Return all of the data below verbatim and exclude every picture.
[Material provided — start]
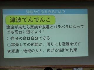 南海トラフ大地震(最大震度7、最大津波14m、津波到達時間17分)というデータをもとに、もし地震が学校で発生したら?学校外で発生したら?等、様々な事を考えさせられるお話でした。
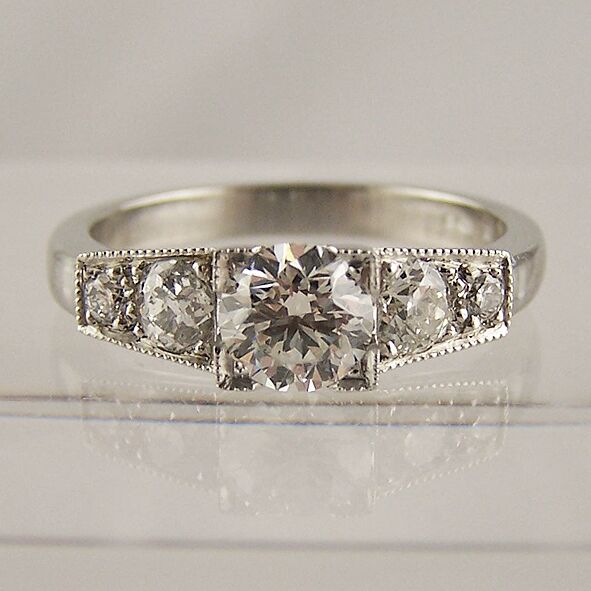 To add to the vintage style the box claws of the centre stone & the shoulder stones have a milgrain edge detail.
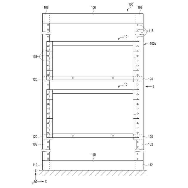 ラック100には、図1及び図2に示すようにXYZ直交座標系を設定する。なお、図1及び図2中、ラック100の筐体100aにサブラック10を取り付ける際に用いる雄ネジ又はボルト(以下、これらを主としてネジと称する)の図示を省略する。なお、雄ネジとしては、例えば、座金組込みネジや、つまみネジを用いることができる。
[Material provided — finish]
Written reply:
 南海トラフ大地震(最大震度7、最大津波14m、津波到達時間17分)というデータをもとに、もし地震が学校で発生したら?学校外で発生したら?等、様々な事を考えさせられるお話でした。
 To add to the vintage style the box claws of the centre stone & the shoulder stones have a milgrain edge detail.
 ラック100には、図1及び図2に示すようにXYZ直交座標系を設定する。なお、図1及び図2中、ラック100の筐体100aにサブラック10を取り付ける際に用いる雄ネジ又はボルト(以下、これらを主としてネジと称する)の図示を省略する。なお、雄ネジとしては、例えば、座金組込みネジや、つまみネジを用いることができる。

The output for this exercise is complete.